EXERCISE –
Return the records from the first line through the line containing "建面约98㎡3房2厅2卫户型,分别是边套、中间套,满足不同人群的居住需求。", and leave out the pictures.

---------------

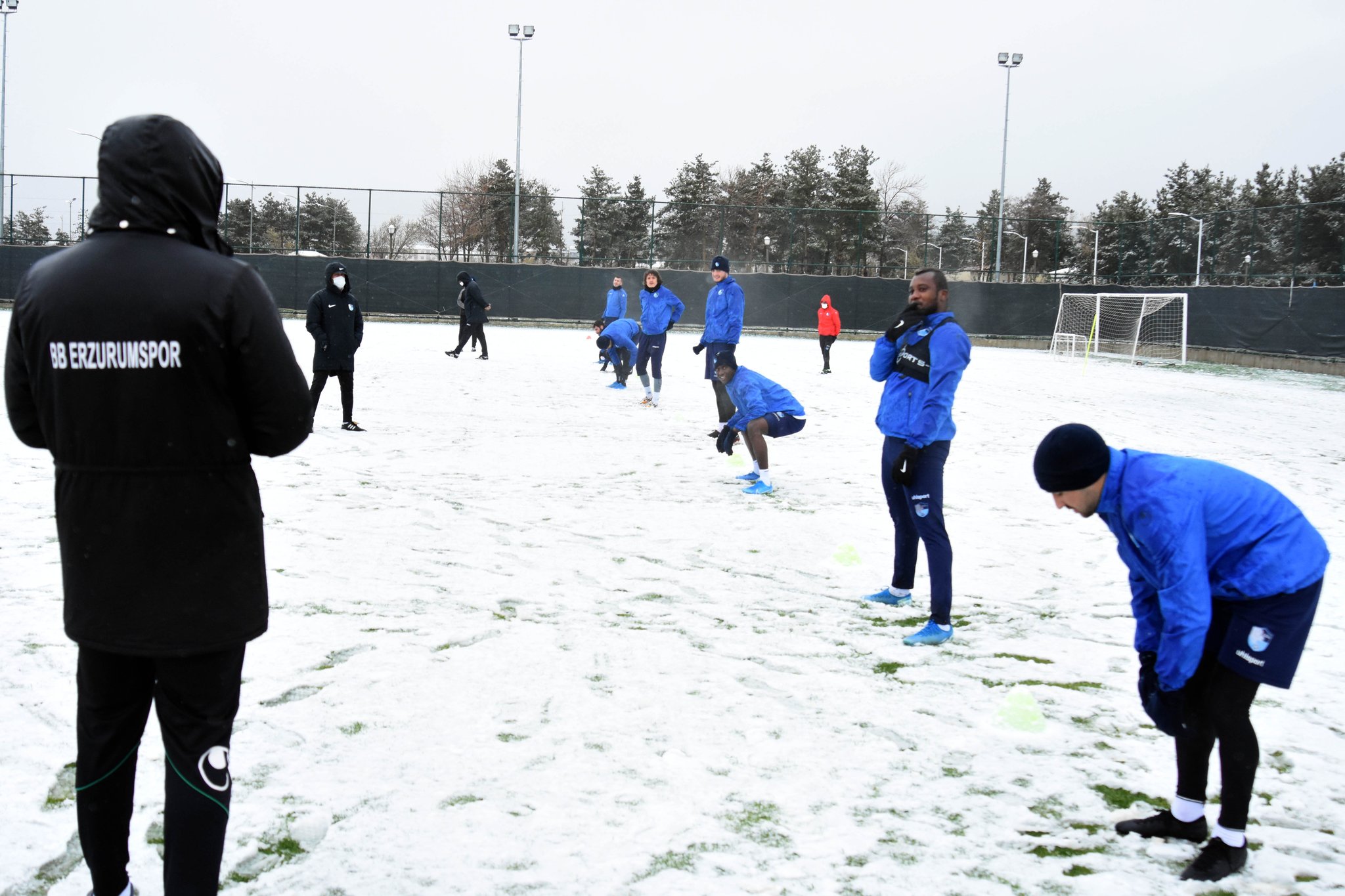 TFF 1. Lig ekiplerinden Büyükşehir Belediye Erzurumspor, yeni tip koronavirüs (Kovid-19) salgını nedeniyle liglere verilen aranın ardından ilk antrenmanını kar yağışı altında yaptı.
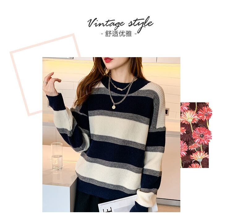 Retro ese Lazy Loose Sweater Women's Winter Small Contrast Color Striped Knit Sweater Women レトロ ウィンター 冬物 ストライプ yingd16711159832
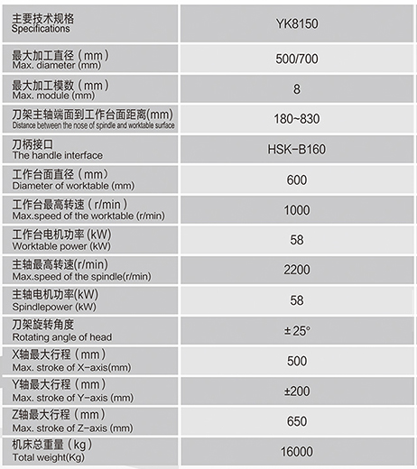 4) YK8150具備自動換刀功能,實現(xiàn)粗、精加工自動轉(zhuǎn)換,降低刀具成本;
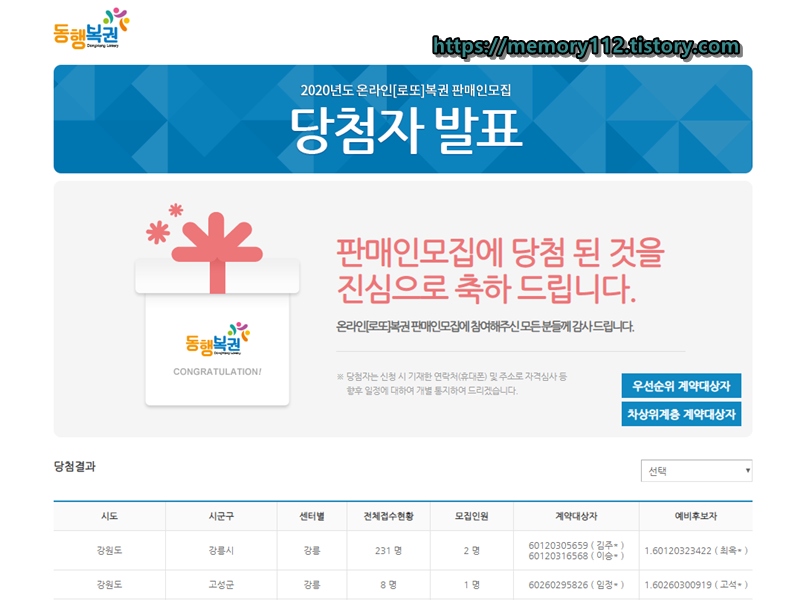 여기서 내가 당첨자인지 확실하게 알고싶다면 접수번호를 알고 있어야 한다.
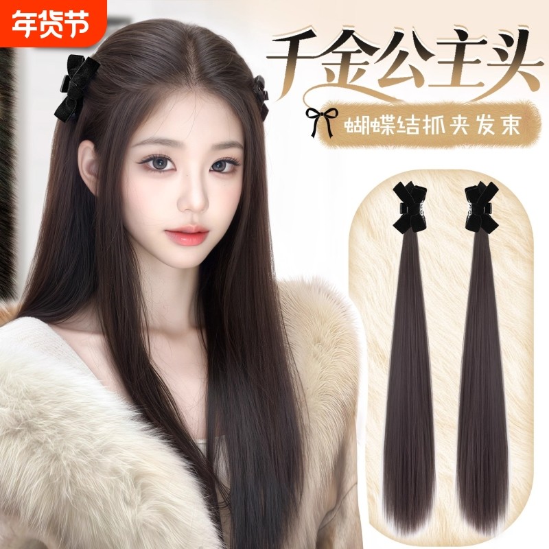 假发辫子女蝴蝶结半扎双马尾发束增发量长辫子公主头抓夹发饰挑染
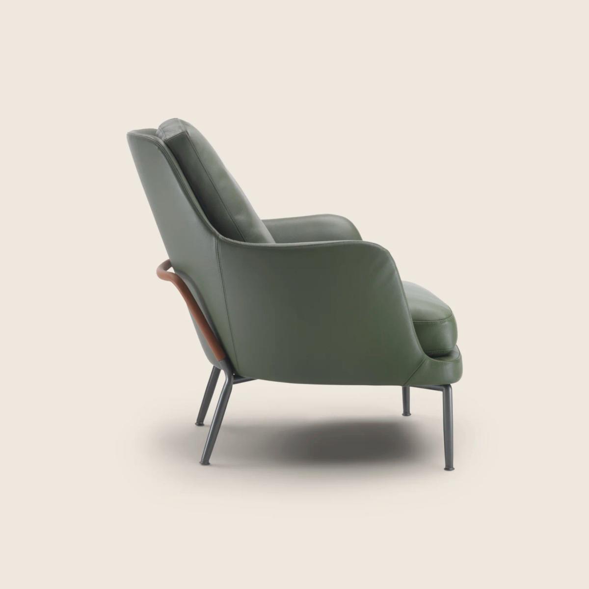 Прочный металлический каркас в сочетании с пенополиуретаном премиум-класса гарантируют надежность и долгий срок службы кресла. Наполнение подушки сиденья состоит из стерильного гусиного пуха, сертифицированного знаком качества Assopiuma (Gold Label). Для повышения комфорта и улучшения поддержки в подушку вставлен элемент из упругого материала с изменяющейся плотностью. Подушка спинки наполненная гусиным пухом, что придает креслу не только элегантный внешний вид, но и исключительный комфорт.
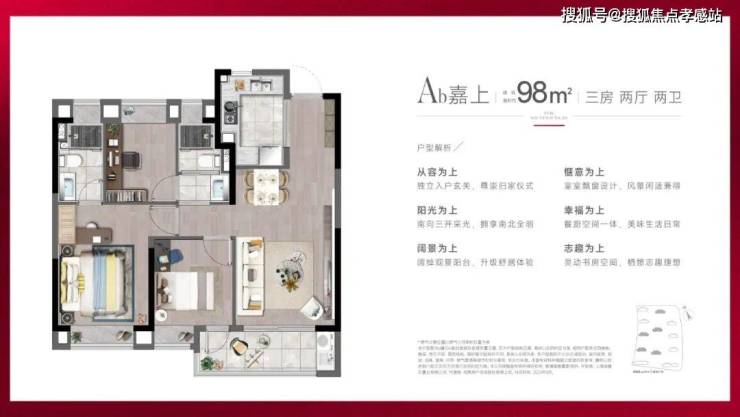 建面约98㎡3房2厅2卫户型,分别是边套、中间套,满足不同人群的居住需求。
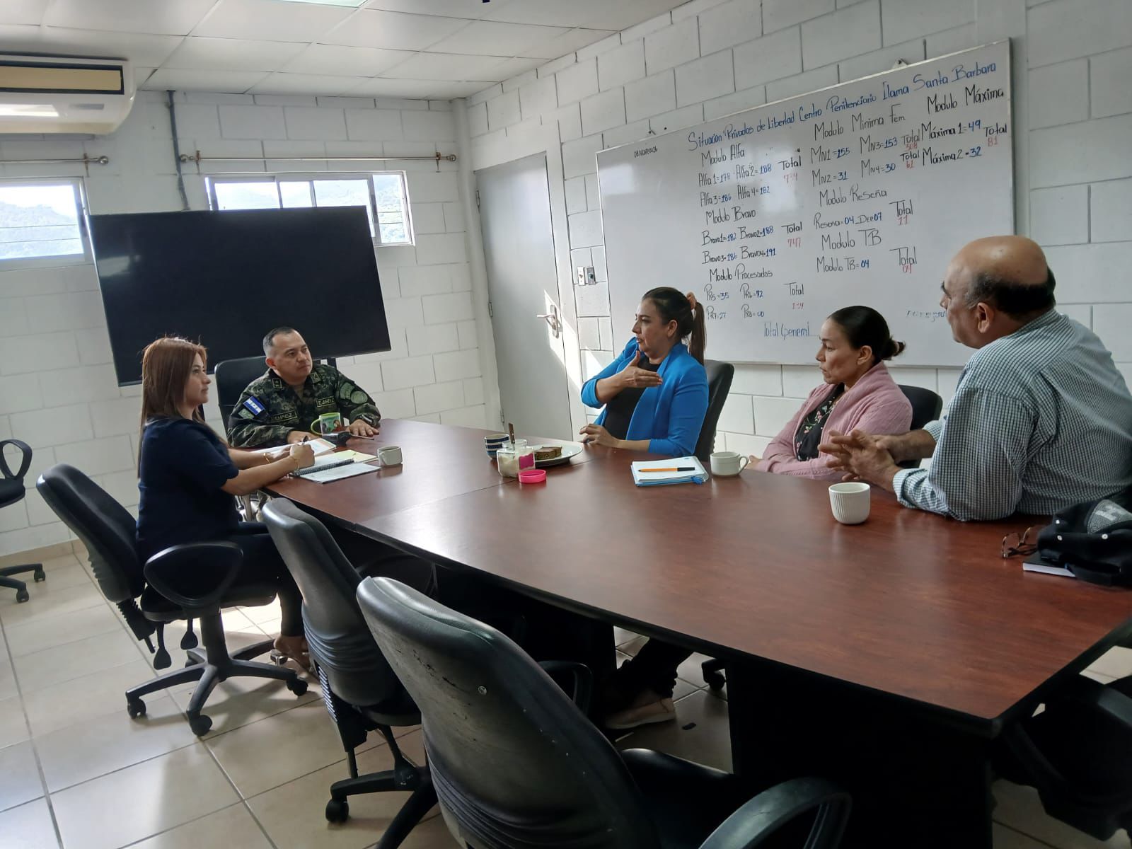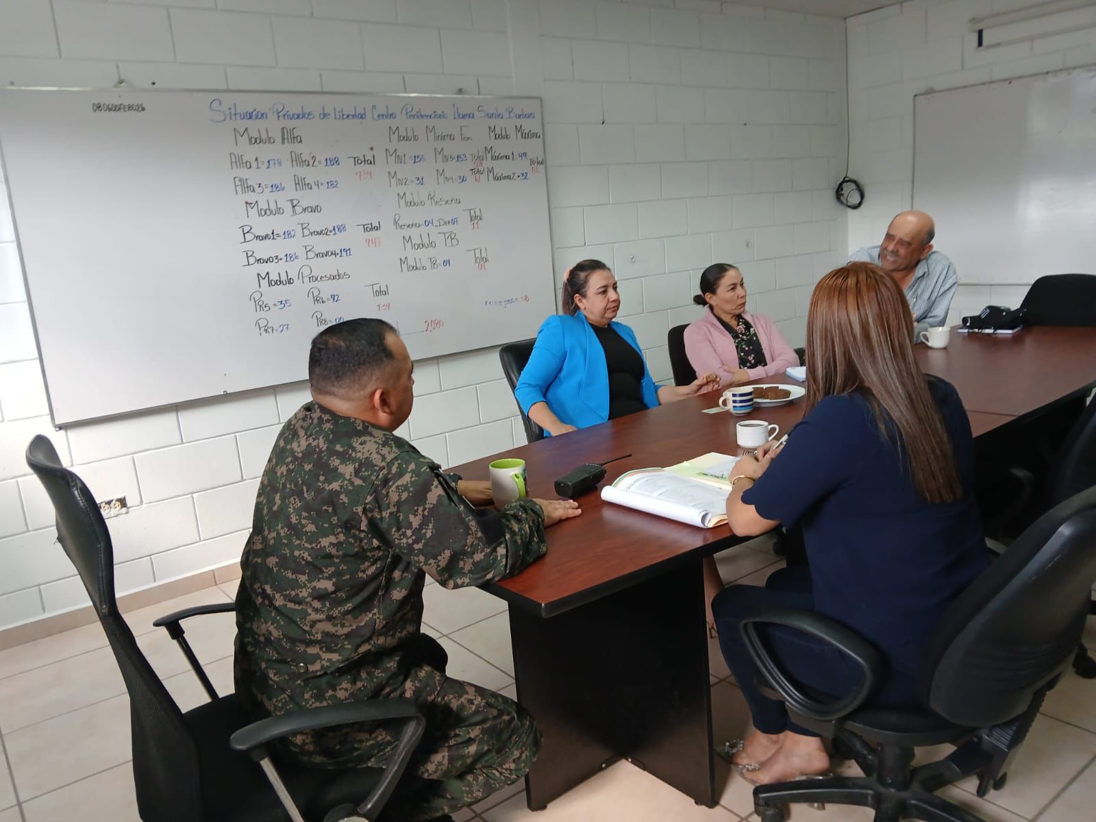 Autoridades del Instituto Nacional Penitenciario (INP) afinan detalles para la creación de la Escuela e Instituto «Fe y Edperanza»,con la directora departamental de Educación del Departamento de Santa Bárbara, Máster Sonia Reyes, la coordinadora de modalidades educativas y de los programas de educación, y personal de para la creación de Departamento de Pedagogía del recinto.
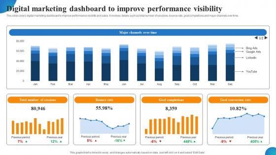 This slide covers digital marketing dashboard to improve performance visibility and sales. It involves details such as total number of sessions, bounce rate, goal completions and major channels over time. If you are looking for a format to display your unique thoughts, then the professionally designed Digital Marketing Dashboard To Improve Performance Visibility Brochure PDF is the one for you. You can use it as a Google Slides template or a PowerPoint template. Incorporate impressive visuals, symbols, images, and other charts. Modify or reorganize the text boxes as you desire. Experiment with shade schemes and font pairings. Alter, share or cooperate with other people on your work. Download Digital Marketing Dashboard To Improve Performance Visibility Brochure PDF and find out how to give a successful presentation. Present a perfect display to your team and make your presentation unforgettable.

---------------

RESPONSE TO THE TASK –
 TFF 1. Lig ekiplerinden Büyükşehir Belediye Erzurumspor, yeni tip koronavirüs (Kovid-19) salgını nedeniyle liglere verilen aranın ardından ilk antrenmanını kar yağışı altında yaptı.
 Retro ese Lazy Loose Sweater Women's Winter Small Contrast Color Striped Knit Sweater Women レトロ ウィンター 冬物 ストライプ yingd16711159832
 4) YK8150具備自動換刀功能,實現(xiàn)粗、精加工自動轉(zhuǎn)換,降低刀具成本;
 여기서 내가 당첨자인지 확실하게 알고싶다면 접수번호를 알고 있어야 한다.
 假发辫子女蝴蝶结半扎双马尾发束增发量长辫子公主头抓夹发饰挑染
 Прочный металлический каркас в сочетании с пенополиуретаном премиум-класса гарантируют надежность и долгий срок службы кресла. Наполнение подушки сиденья состоит из стерильного гусиного пуха, сертифицированного знаком качества Assopiuma (Gold Label). Для повышения комфорта и улучшения поддержки в подушку вставлен элемент из упругого материала с изменяющейся плотностью. Подушка спинки наполненная гусиным пухом, что придает креслу не только элегантный внешний вид, но и исключительный комфорт.
 建面约98㎡3房2厅2卫户型,分别是边套、中间套,满足不同人群的居住需求。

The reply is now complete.